Repeat everything in the data exactly except images.

◆ **SUPPLIED MATERIAL**:
▶

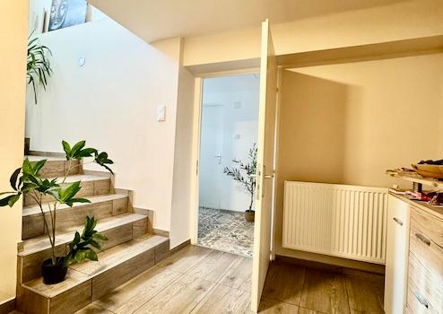 -rechts vom Eingang befindet sich ein komfortables 6 m² großes Foyer zur Aufbewahrung von Schuhen und Mänteln und Zugang zum OBERGESCHOSS, das TREPPENHAUS bietet über bequem angeordnete Treppen Zugang zwischen den Etagen
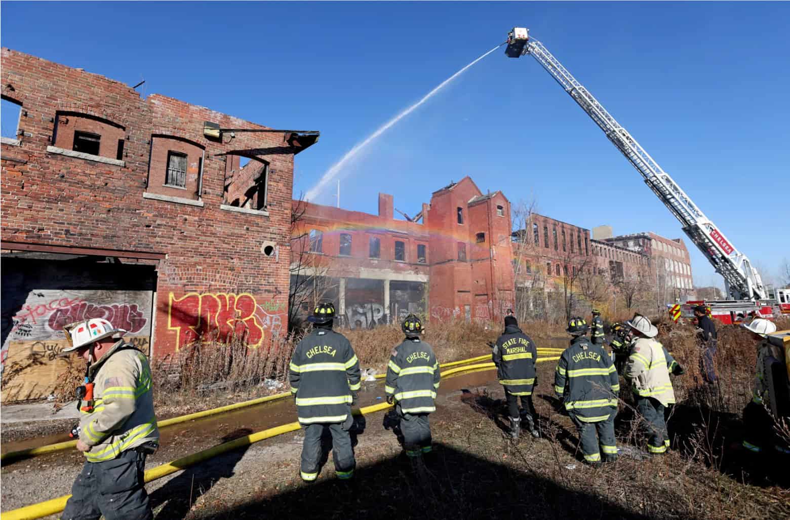 On Monday morning, November 18th, a massive fire engulfed a vacant mill building in Chelsea, MA. Over 100 firefighters from surrounding communities helped extinguish the blaze. The fire erupted at the abandoned Forbes mill on Crescent Avenue around 12:30 a.m. After several hours, the roof and several floors collapsed down to the basement. The Fire Chief described the building as hazardous and barricaded the area. By 6 a.m., firefighters had controlled the flames but continued addressing hotspots.
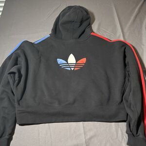 Adidas Originals Trefoil Crop Hoodie Black Red Blue Stripe Trim Women’s Size M

◀

◆ **FINISHED TASK**:
 -rechts vom Eingang befindet sich ein komfortables 6 m² großes Foyer zur Aufbewahrung von Schuhen und Mänteln und Zugang zum OBERGESCHOSS, das TREPPENHAUS bietet über bequem angeordnete Treppen Zugang zwischen den Etagen
 On Monday morning, November 18th, a massive fire engulfed a vacant mill building in Chelsea, MA. Over 100 firefighters from surrounding communities helped extinguish the blaze. The fire erupted at the abandoned Forbes mill on Crescent Avenue around 12:30 a.m. After several hours, the roof and several floors collapsed down to the basement. The Fire Chief described the building as hazardous and barricaded the area. By 6 a.m., firefighters had controlled the flames but continued addressing hotspots.
 Adidas Originals Trefoil Crop Hoodie Black Red Blue Stripe Trim Women’s Size M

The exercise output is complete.